Leave out the pictures, and copy exactly the lines from the line with "hadoop fs -ls hdfs://Hadoop1:9000/hadoop/" through the last line of the data below.

## Supplied information
--- --- ---

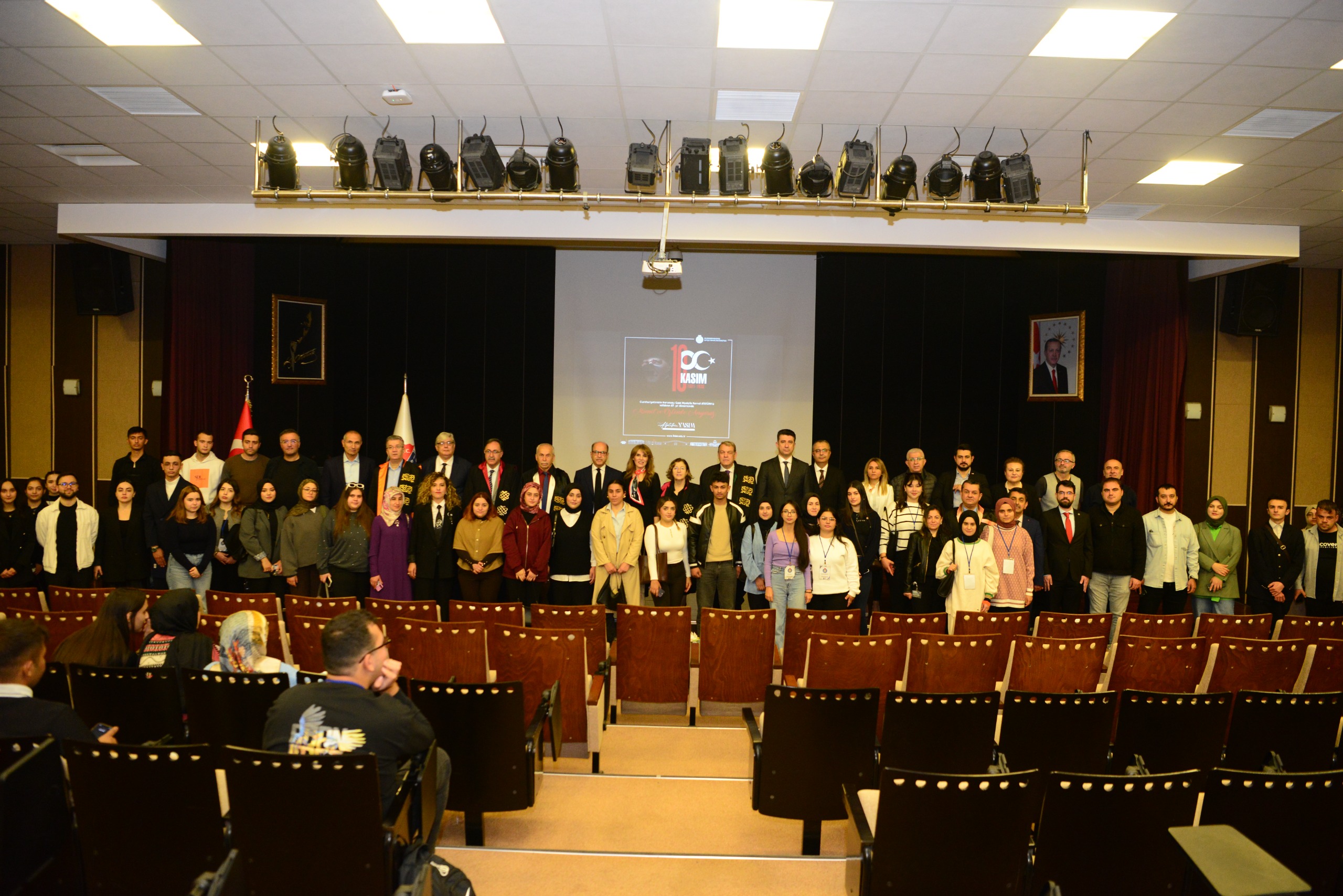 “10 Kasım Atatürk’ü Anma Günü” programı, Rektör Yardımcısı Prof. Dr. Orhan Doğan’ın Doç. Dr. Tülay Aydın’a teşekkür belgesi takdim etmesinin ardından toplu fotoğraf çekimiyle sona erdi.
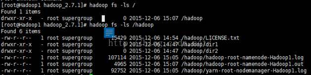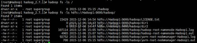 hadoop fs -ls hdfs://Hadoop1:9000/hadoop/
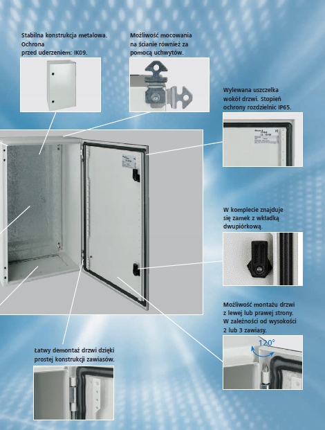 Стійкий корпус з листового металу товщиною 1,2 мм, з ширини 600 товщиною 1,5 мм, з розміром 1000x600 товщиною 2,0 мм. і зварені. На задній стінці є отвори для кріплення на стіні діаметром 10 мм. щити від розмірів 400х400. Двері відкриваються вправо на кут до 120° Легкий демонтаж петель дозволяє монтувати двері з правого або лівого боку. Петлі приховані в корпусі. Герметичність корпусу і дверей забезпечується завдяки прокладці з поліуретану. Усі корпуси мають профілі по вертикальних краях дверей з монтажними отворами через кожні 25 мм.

--- --- ---

## Written response
 hadoop fs -ls hdfs://Hadoop1:9000/hadoop/
 Стійкий корпус з листового металу товщиною 1,2 мм, з ширини 600 товщиною 1,5 мм, з розміром 1000x600 товщиною 2,0 мм. і зварені. На задній стінці є отвори для кріплення на стіні діаметром 10 мм. щити від розмірів 400х400. Двері відкриваються вправо на кут до 120° Легкий демонтаж петель дозволяє монтувати двері з правого або лівого боку. Петлі приховані в корпусі. Герметичність корпусу і дверей забезпечується завдяки прокладці з поліуретану. Усі корпуси мають профілі по вертикальних краях дверей з монтажними отворами через кожні 25 мм.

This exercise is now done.